TASK STATEMENT — Your response to the data below should hold nothing except the lines from the one containing "Heute sahen wir" down to the one containing "⑤. 해외송금용 수취정보 보내기 선택합니다.", reproduced exactly and without pictures.

RECORDS —
────────────────

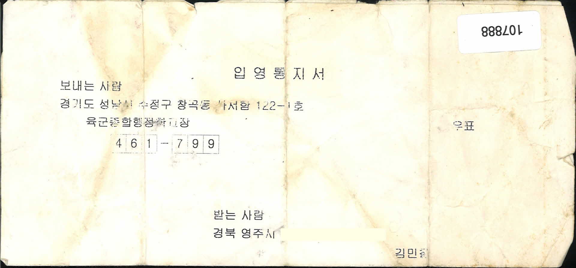 | 기록물명 | 2000년 입영통지서(카투사) | ||
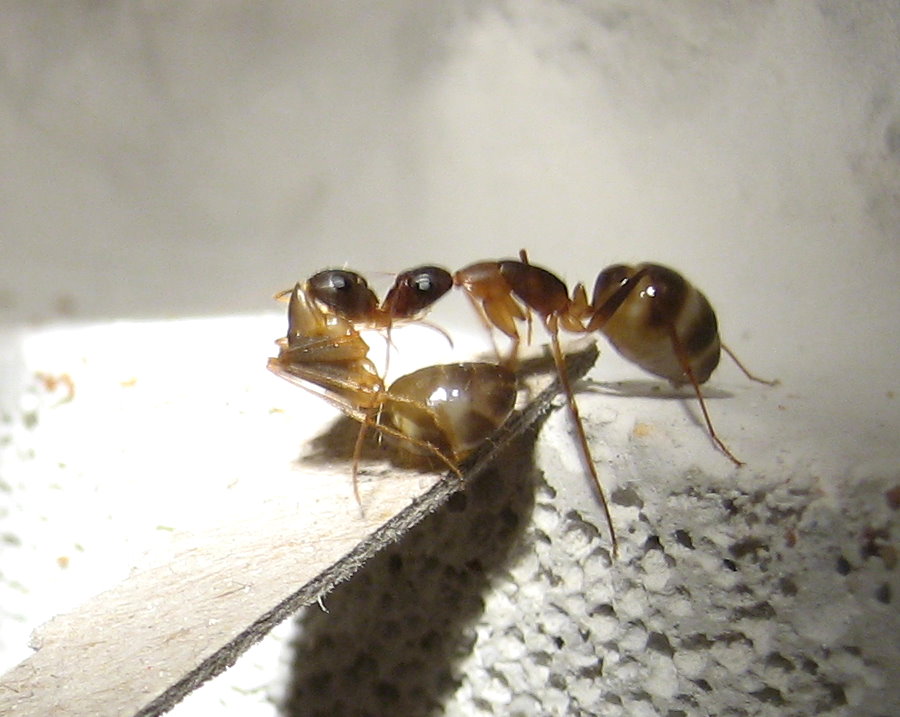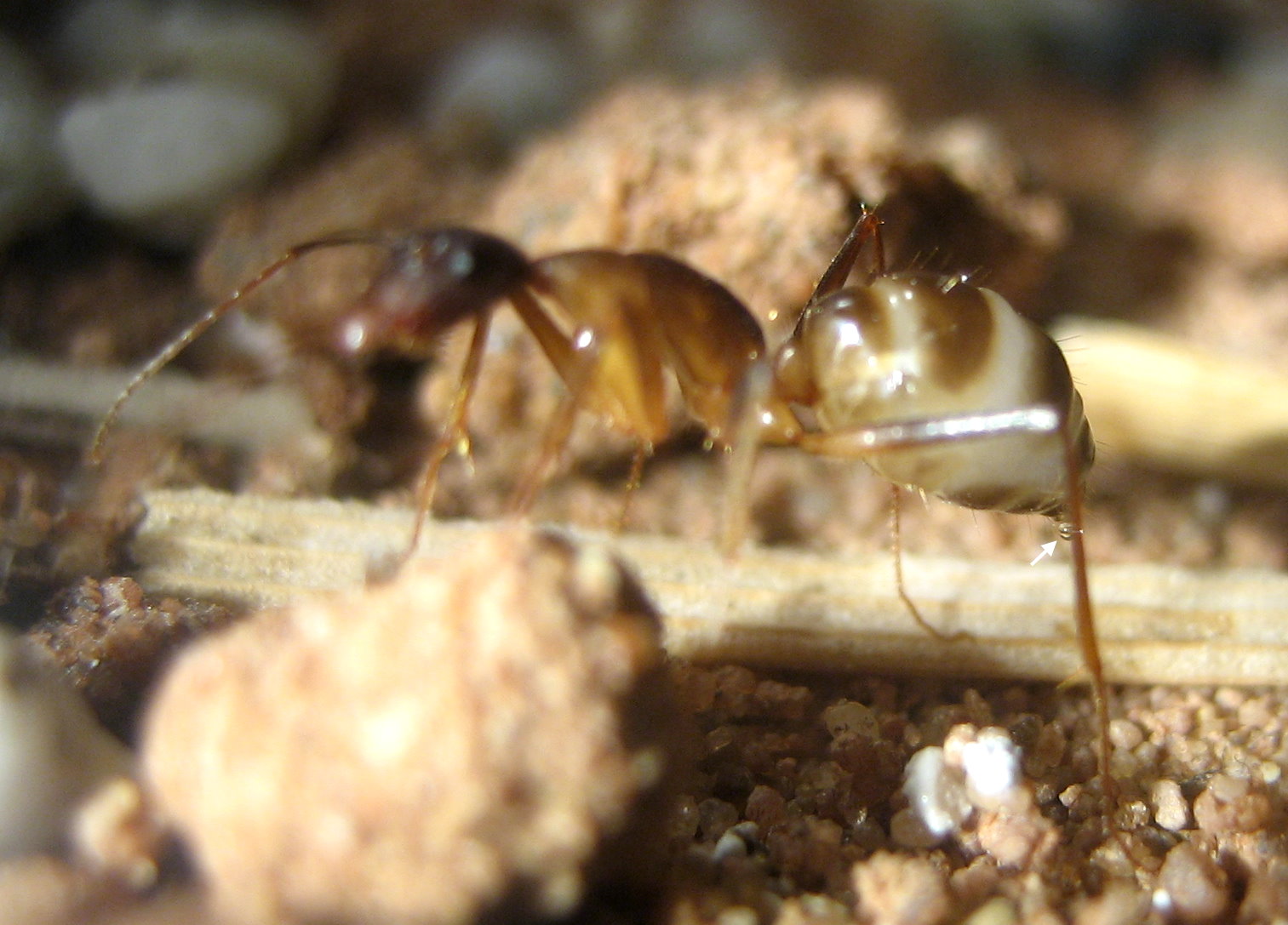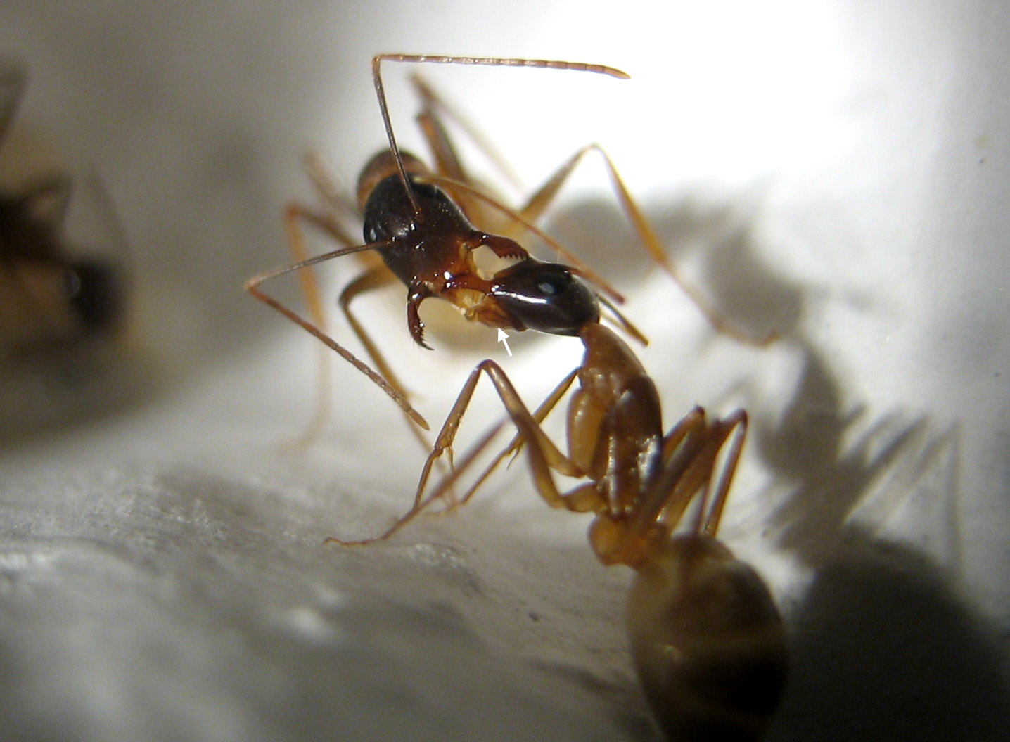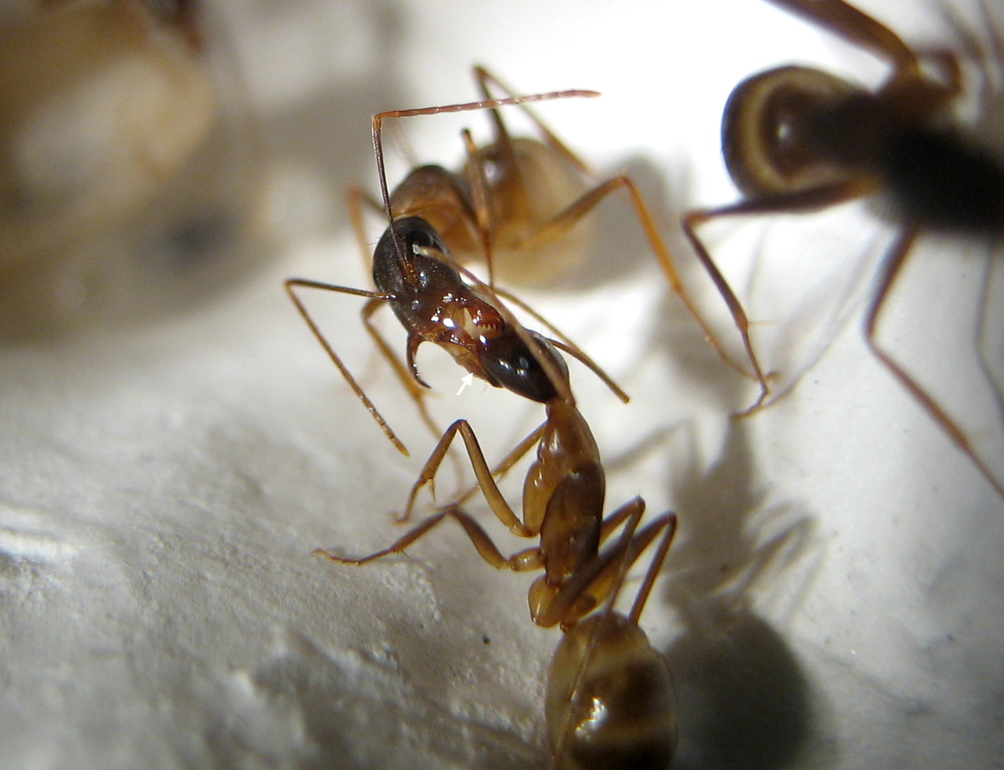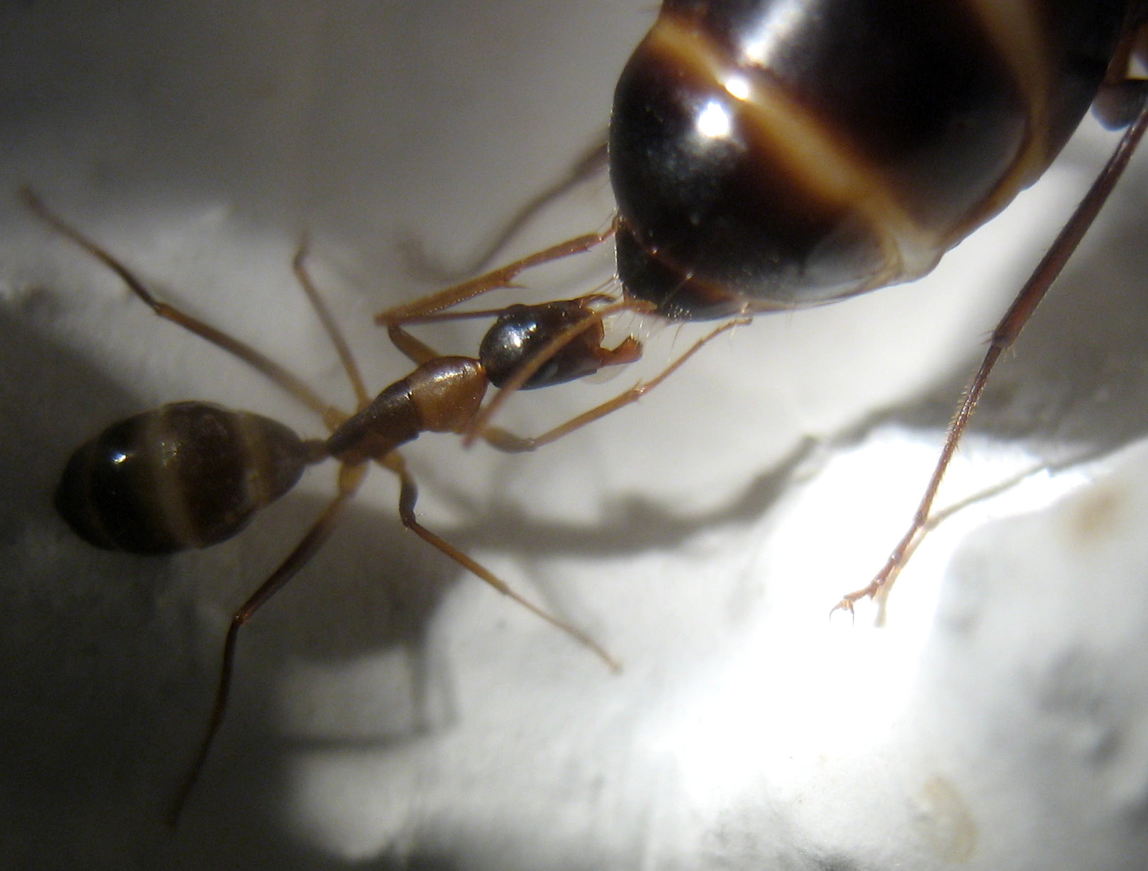 - Dieses Mal habe ich mir anstelle einer "Außendienstameise" eine Minor-Arbeiterin mit einer größeren Gaster geschnappt, nachdem sie vor dem Nest ihr Geschäft verrichtet hatte. Dies bedarf eines gewissen Geschicks und längerer Gedult, da sie, anders als die "Außendienstameisen", nur an Flucht interessiert war und erst zur Verteidigung ansetzte, nachdem ich sie in die Enge gezwungen hatte. Trotz ihrer stattlichen Größe von 10 mm sind noch größere Exemplare im Nest unterwegs. Ein unscharfes Bild dazu im Einführungsbericht unter "Größe [~mm]".
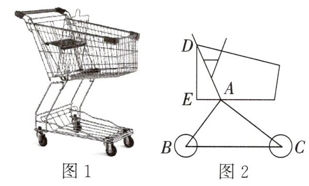 (2)若购物车上篮子的左边缘D与点A的距离$AD=13dm,AE=5dm$,且$AE⊥DE$,$AE$和BC都与地面平行,求购物车上篮子的左边缘D到地面的距离.
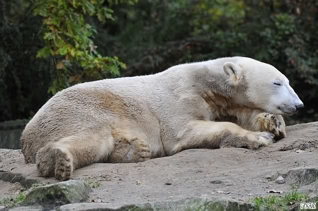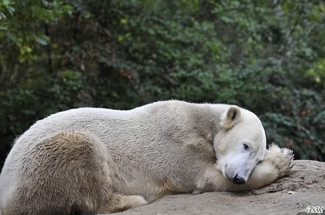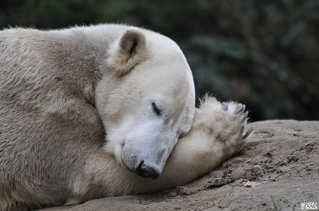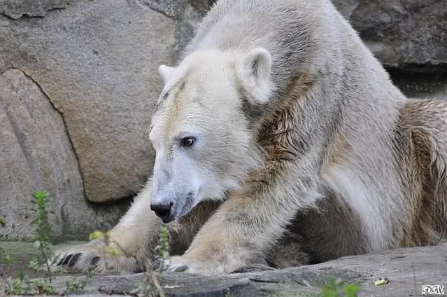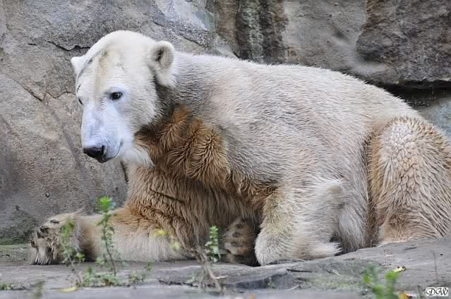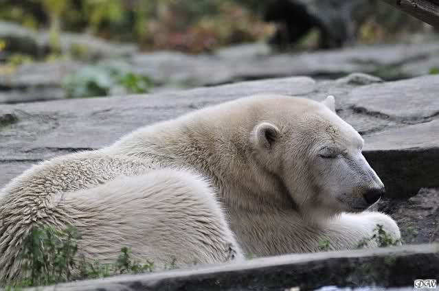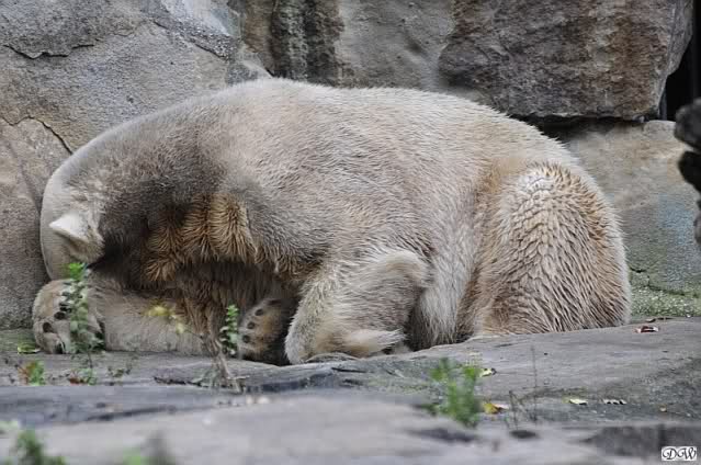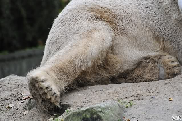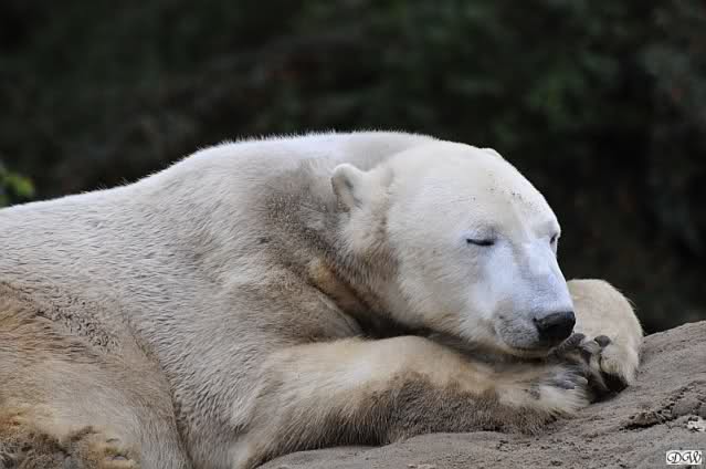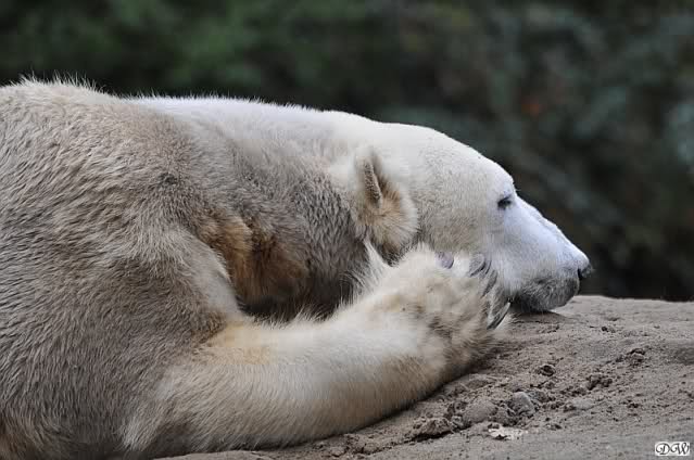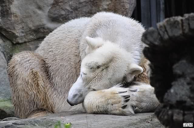 Heute sahen wir einen müden Knut, der alle Annäherungsversuche von Gianna praktisch ablehnte. Bei aller Müdigkeit riskierte er immer wieder ein Auge um zu sehen, ob die Luft rein war.
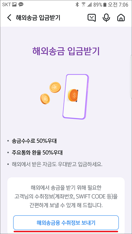 ⑤. 해외송금용 수취정보 보내기 선택합니다.
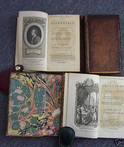 The ADVENTURER in 4 volumes was published 1778 in London for W. Strahan, J. Rivington and Sons et al. Each volume is bound in leather with gilt borders and spine decoration, marbled endpapers, and frontis illustration. The ADVENTURER was originally published in 140 parts 1752-1754. Many of the essays were contributed by the editor John Hawkesworth; other contributors included Samuel Johnson, Joseph Warton, Richard Bathurst etc. Thank you.
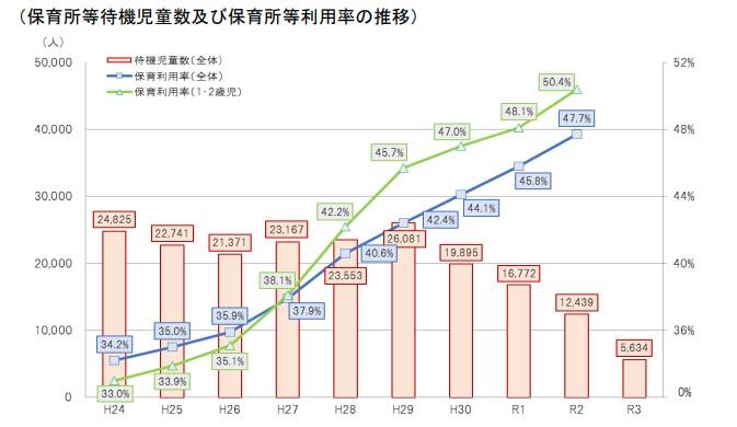 令和3年現在までの待機児童数の推移を見てみると、減少傾向にあることがわかります。これは、保育園設立に対する新制度による公的な補助が始まり、従来よりも格段に経営しやすくなっているためです。
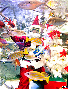 يک زن غواص با لباس بابا نوئل در اکواريومی در ژاپن.
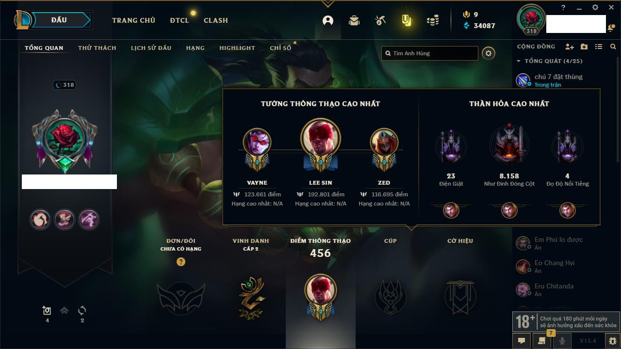 Rank Đơn: Bạch Kim IIKhung: VàngTướng: 171 - Còn 140736 THXTrang Phục: 182Rank ĐTCL: Chưa RankLinh Thú: 14

────────────────

RESULT OF THE TASK —
 Heute sahen wir einen müden Knut, der alle Annäherungsversuche von Gianna praktisch ablehnte. Bei aller Müdigkeit riskierte er immer wieder ein Auge um zu sehen, ob die Luft rein war.
 ⑤. 해외송금용 수취정보 보내기 선택합니다.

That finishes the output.